RealTime IT News

Dot-com Era Start-Ups Still Feeling Woes

According to new research released Friday morning, companies that rode in on the "dot-com boom" of the late '90s are still feeling the woes of the "dot-com bust" harder than their associates at more established companies.

The new report, issued by VentureOne, showed that venture-backed companies that received initial financing in 1999 and 2000 are going out of business at an accelerated rate, compared to startups initially funded from 1992 to 1998.

Twenty-two percent of the 1,842 companies first financed in 1999 have already gone out of business, compared with an average of 15 percent for companies started over the previous seven years. Of the companies initially financed in 2000, 18 percent are already defunct. In all, the amount invested in startups founded since 1999 that are no longer operational totals $15.3 billion.

"During the 1992 to 1998 time period it was a much more rational approach to evaluating companies and what was expected in terms of returns and timing of returns," said Paul Ritter, an analyst at the Yankee Group. "By 1999 it was a frenzy of funding activities, with many companies getting funded without much scrutiny and without much expectation for when payback periods would arrive."

According to the report, the sheer volume of funding during the so-called "dot-com boom" could be the major factor in the failure rate. The number of initial financing rounds grew steadily throughout the early '90s, but between 1998 and 1999 it almost doubled, and then grew by an additional 44 percent in 2000. Analysts agree that the market simply couldn't support this overabundance of companies.

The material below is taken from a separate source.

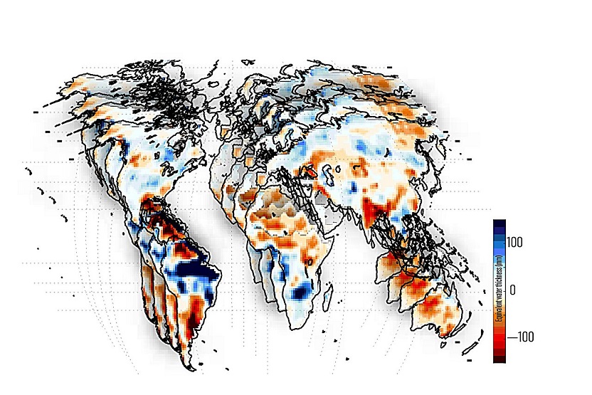 For periods when GRACE and GRACE-FO data were not available, including an 11-month gap between missions in 2017–2018, the researchers used probabilistic models based on spatial patterns to reconstruct total water storage extremes.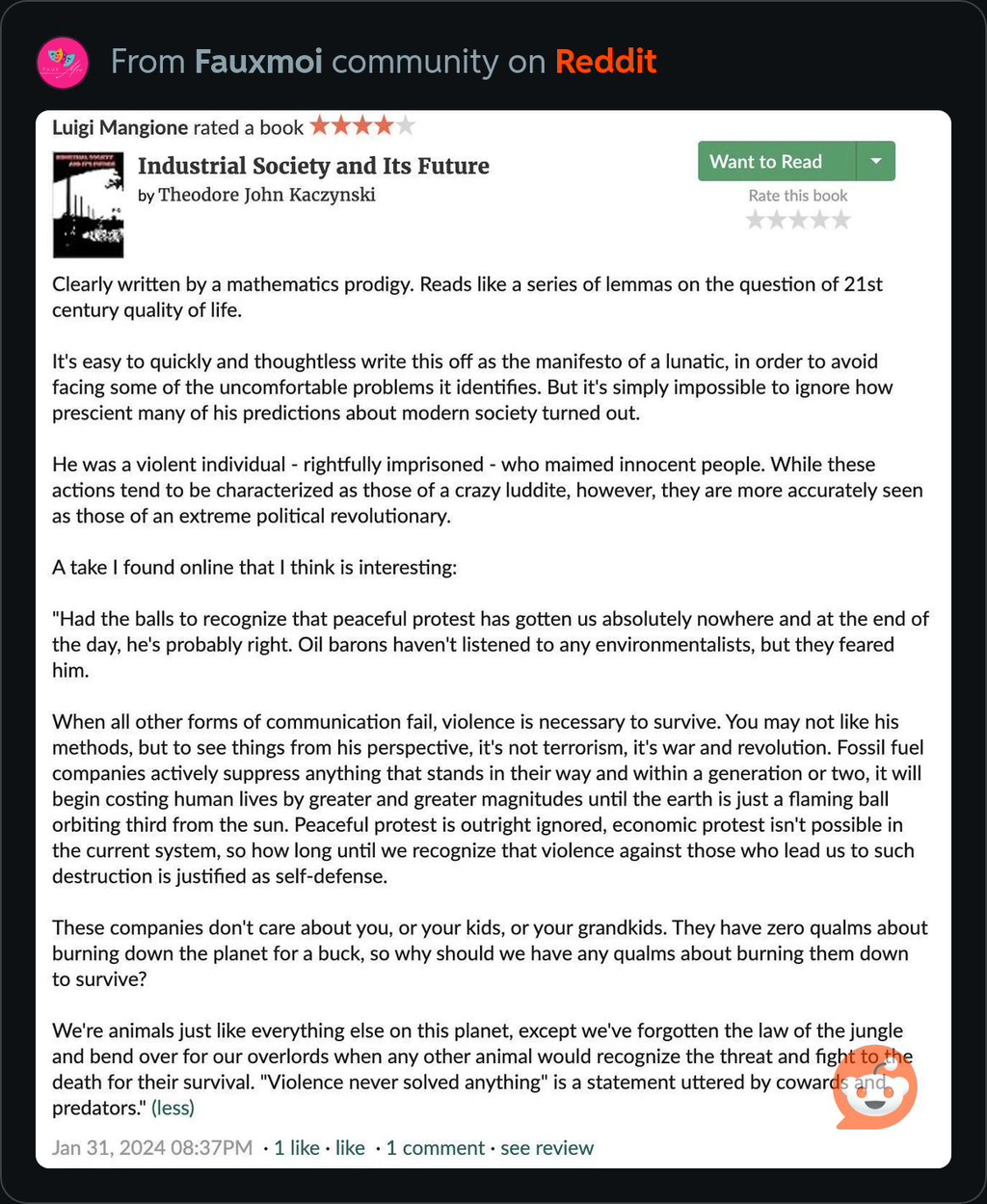 모든 형태의 의사소통이 실패했을 때, 생존을 위해 폭력이 필요하다. 그의 방법을 좋아하지 않을 수도 있지만, 그의 관점에서 보면 이는 테러가 아니라 전쟁이자 혁명이다. 화석연료 회사들은 자신들의 길을 방해하는 모든 것을 적극적으로 억압하며, 한두 세대 안에 점점 더 많은 인간의 생명을 앗아가기 시작할 것이다. 결국 지구는 태양을 도는 세 번째 타오르는 불덩이가 될 것이다. 평화적 시위는 철저히 무시되고, 현재의 시스템에서는 경제적 저항도 불가능하다. 그렇다면 우리를 이러한 파괴로 이끄는 자들에 대한 폭력이 자기방어로 정당화된다는 사실을 언제쯤 인정하게 될까?

"How many pet food companies can be sustained in an online market?" joked Ritter. "Very few companies have the potential to grow in size to be Amazon-like in revenue, but many companies had business models predicated on achieving that type of revenue and new customers. You have so many companies that need so many customers, but there's a limit to who is on the Web."

Products and services ventures, as one may have expected, fared the worst, with over 27 percent of companies receiving funding in 1999 and 2000 failing. Healthcare startups, though comparatively unpopular at the time, have fared better with only 9 percent now out of business, while 20 percent of Information Technology ventures from the period have shut their doors.

As one might expect, the earlier the vintage year, the higher the ratio of companies that have achieved liquidity to those still private. And between 1992 and 1998, this ratio changes at a relatively steady pace. But for vintage 1999 companies, the proportion alters drastically: only 18 percent have had a liquidity event, compared to nearly one-third of the vintage 1998 startups.

The good news isn't over yet, as the report notes that it is likely that the failure rate we've seen to date is probably modest compared to what's in store for the 1999-2000 crop of companies.

Ritter agrees with the studies prediction, noting that many of those companies have a tough road ahead, especially when factoring in current economic conditions.

"Those companies on the edge should look to improving their bottom line, but also look for strategic partners and buyout opportunities," said Ritter.

The VentureOne study, which takes inventory of all companies receiving initial venture financing during the past ten years, shows that $26.1 billion were invested in companies that subsequently went public, versus $26.7 billion in those that were acquired or merged. Venture-backed companies that are still private have raised $124 billion to date.